→ Task goal:
Return the listing exactly, please; no pictures.

→ Dataset extract:
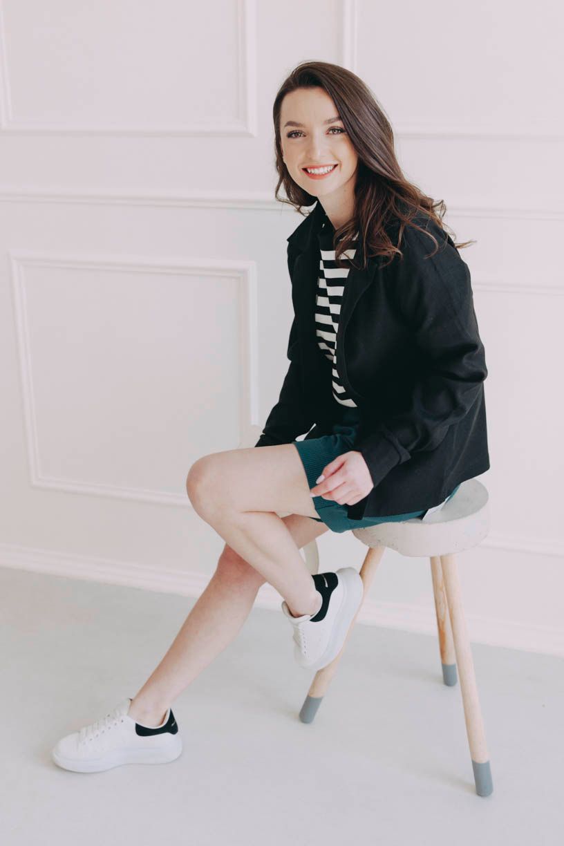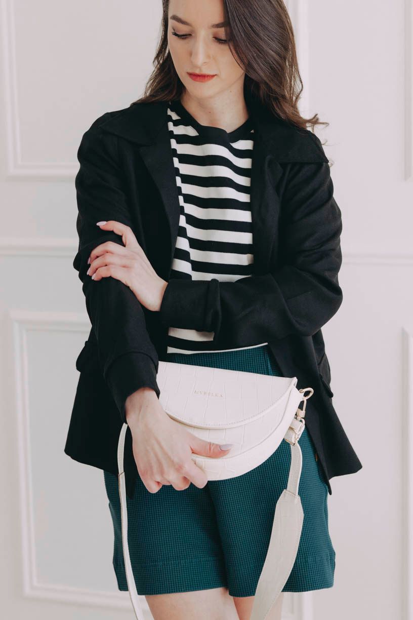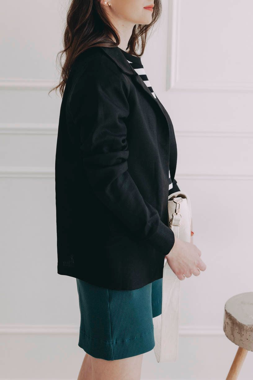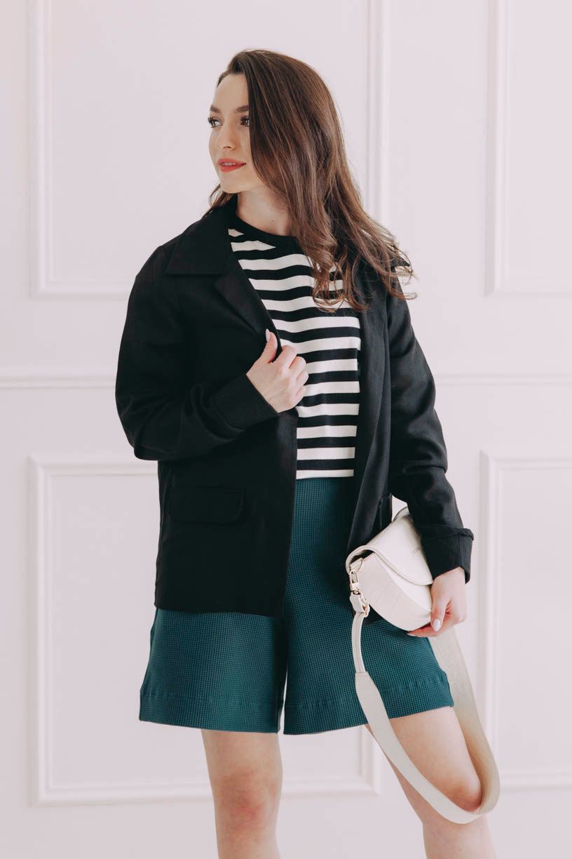 Nepotrebujete robiť hluk, aby ste boli počuť. V tomto outfite vás okolie bude vnímať skôr, než prehovoríte. Kraťasy Amondi v odtieni petrol sú ako pokoj pred búrkou. Na pohľad nenápadné, no keď sa v nich pohnete, zrazu viete, že práve v tejto jednoduchosti je ich sila. Tričko Nuru Pure je ich dokonalý sparring partner. Pruhy na ňom i objemné rukávy si idú svoje, neberú ohľad na konvencie. A keď sa pridá čierne sako Ikenna, outfit dostáva rám, ktorý zvýrazní všetko dôležité a zbytočnosti nechá mimo obrazu. Textúrovaný materiál, klasický strih a farba, čo dáva outfitu váhu bez toho, aby ho zaťažovala. Toto je look, ktorý má vlastné tempo, vlastný názor a rozhodne nemá v pláne splynúť s davom.
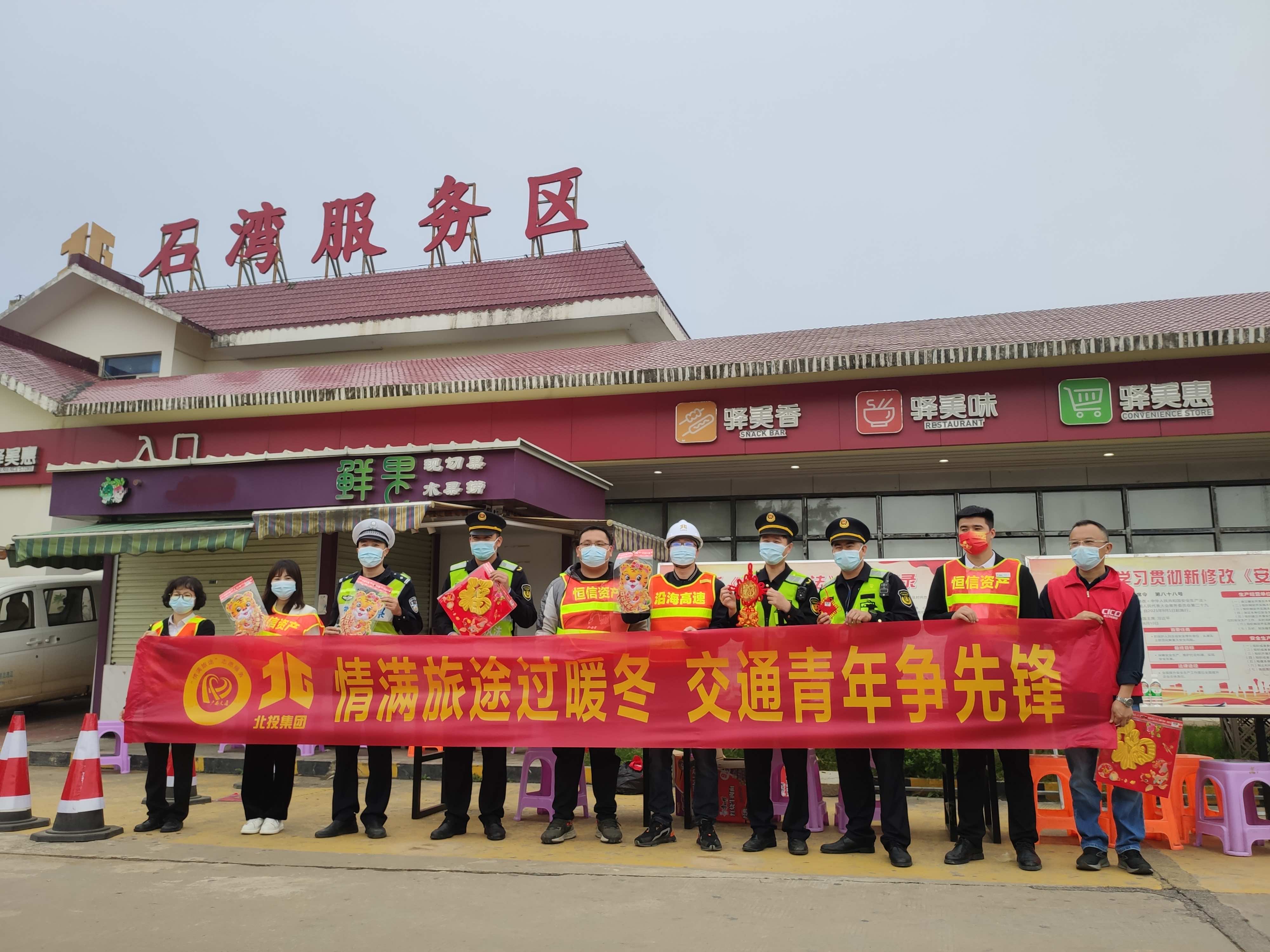 1-2月,自治区交通运输综合行政执法局第九支队第四大队联合广西交警总队高速公路管理九大队,广西沿海高速公路分公司北海运营管理中心、广西北部湾恒信资产经营有限公司等部门在石湾服务区开展“情满旅途”志愿服务活动,用爱心为旅客打造一条舒适、温馨的回家之路。活动现场,交通青年志愿服务者在设置的服务站点前为过往乘客派发疫情防控宣传手册、道路交通安全手册、道路法律法规宣传册,为司乘提供路线咨询、安全行车向导、法律法规咨询等服务。交通青年们以积极、热情的服务态度为广大司乘人员营造出向上向善、温馨和谐、服务为民的交通文明新风氛围。
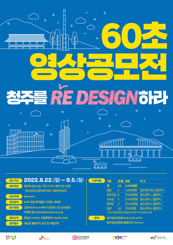 청주시와 SK하이닉스가 공동 주최하고 청주시문화산업진흥재단과 청주영상위, 충북시청자미디어센터가 공동 주관하는 이번 공모전은 역사와 문화는 물론 첨단기술까지 갖춘 도시 ‘청주’를 짧은 영상에 담아 알리기 위해 기획한 것으로, 2회째를 맞은 올해의 주제는 [메모리Memory]이다.

→ Expected answer:
 Nepotrebujete robiť hluk, aby ste boli počuť. V tomto outfite vás okolie bude vnímať skôr, než prehovoríte. Kraťasy Amondi v odtieni petrol sú ako pokoj pred búrkou. Na pohľad nenápadné, no keď sa v nich pohnete, zrazu viete, že práve v tejto jednoduchosti je ich sila. Tričko Nuru Pure je ich dokonalý sparring partner. Pruhy na ňom i objemné rukávy si idú svoje, neberú ohľad na konvencie. A keď sa pridá čierne sako Ikenna, outfit dostáva rám, ktorý zvýrazní všetko dôležité a zbytočnosti nechá mimo obrazu. Textúrovaný materiál, klasický strih a farba, čo dáva outfitu váhu bez toho, aby ho zaťažovala. Toto je look, ktorý má vlastné tempo, vlastný názor a rozhodne nemá v pláne splynúť s davom.
 1-2月,自治区交通运输综合行政执法局第九支队第四大队联合广西交警总队高速公路管理九大队,广西沿海高速公路分公司北海运营管理中心、广西北部湾恒信资产经营有限公司等部门在石湾服务区开展“情满旅途”志愿服务活动,用爱心为旅客打造一条舒适、温馨的回家之路。活动现场,交通青年志愿服务者在设置的服务站点前为过往乘客派发疫情防控宣传手册、道路交通安全手册、道路法律法规宣传册,为司乘提供路线咨询、安全行车向导、法律法规咨询等服务。交通青年们以积极、热情的服务态度为广大司乘人员营造出向上向善、温馨和谐、服务为民的交通文明新风氛围。
 청주시와 SK하이닉스가 공동 주최하고 청주시문화산업진흥재단과 청주영상위, 충북시청자미디어센터가 공동 주관하는 이번 공모전은 역사와 문화는 물론 첨단기술까지 갖춘 도시 ‘청주’를 짧은 영상에 담아 알리기 위해 기획한 것으로, 2회째를 맞은 올해의 주제는 [메모리Memory]이다.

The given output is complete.